Probably none of this is critical for conventional external beam prostate therapy, but now that we are undergoing a shift to moderate and extreme hypofractionation treatment, and very tight margins, every beam has to be well placed. They also have to demonstrate how their system can track intra-fractional motion during SBRT.
What you wrote is true for 2D imaging even in the event of rotating the imaging plane so as to get a 3D-ish solid model derived from a limited number of orthogonal body-sections (certainly not a true 3D scanning). Yet, CT and MRI by small step (SI axis) sampling render a more detailed solid model which more accurately controls the aiming and spatial shaping of the beam.
I do not know about any studies, but I know that "War is father of all and king of all".

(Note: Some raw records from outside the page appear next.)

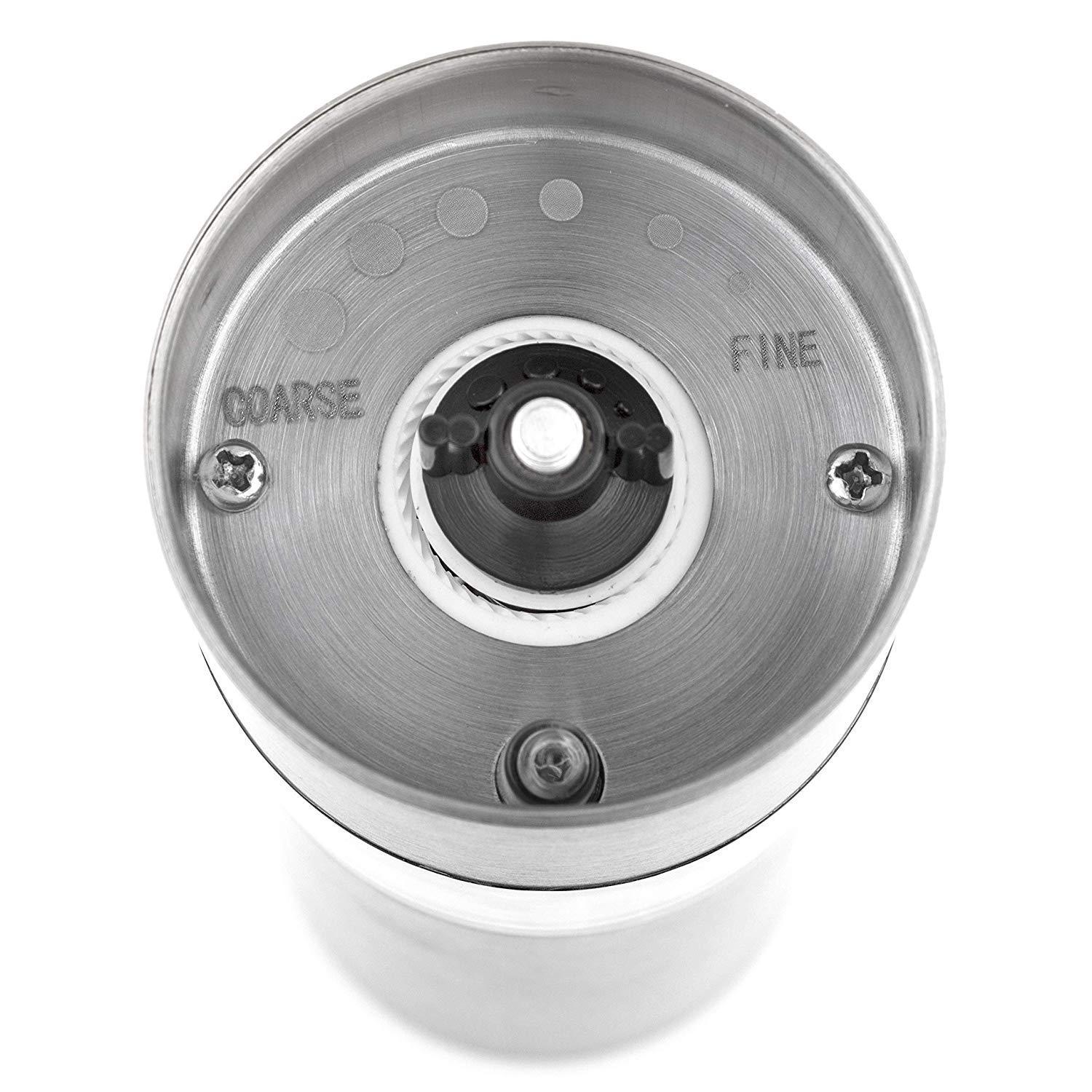 • Modern One-Hand Operation; Easily control the grinder while multitasking in the kitchen by pushing the stainless steel button which means less wasted ingredients (compared to gravity mills) while grinding the perfect amount for your recipe.
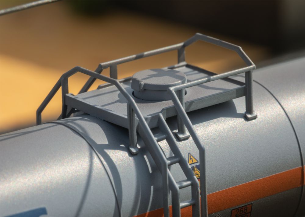 Modell: Detaillierte Fahrgestelle mit durchbrochenem Rahmen. Außenlangträger als U-Profil mit Seilösen. Drehgestelle nach Bauart Minden-Dorstfeld. Separat angesetzte Arbeitsbühnen mit Aufstieg und Bremserbühnen. Darstellung der verstärkten Pufferbohle. Authentische, leichte Alterung auf allen Wagen. Alle Wagen einzeln verpackt in zusätzlicher Umverpackung. Gesamtlänge über Puffer ca. 73 cm.
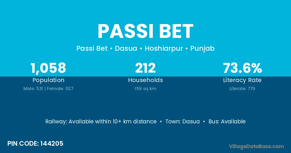 Passi Bet village has a total population of 1,058 people, of which 531 are males and 527 are females.
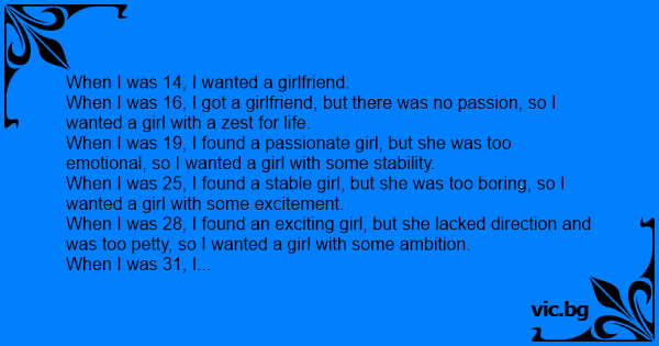 When I was 25, I found a stable girl, but she was too boring, so I wanted a girl with some excitement.

I also don't know how many of those treated with RT appreciate that klystrons and magnetrons were initially employed in RADAR systems during WW2.
But, I know that Automatic Target Recognition (ATR) stemmed out of the RADAR technology and found its way to smart missiles concurrently with the first Arab -Israeli war (1967).
Currently, the hottest topic in medicine is machine learning, jointly endeavored by the medical and engineering faculties of top universities around the globe.
And kindly be reminded that 2 decades ago there was this debate related to a human-computer chess match: Could the IBM's Deep Blue beat Garry Casparof?
Today, it has given its place to: Can your HOME PC beat the World's Grandmaster?
Speaking of computers, Turing's electro-mechanical machine at Bletchley Park during WW2 and UNIVAC's machine for US Census Bureau come to mind. Census during the ancient times was intended to check on the citizen's arm carrying capability both in numbers and equipment. The rich had to keep a horse for battle and the very rich to sponsor the build of a sea vessel.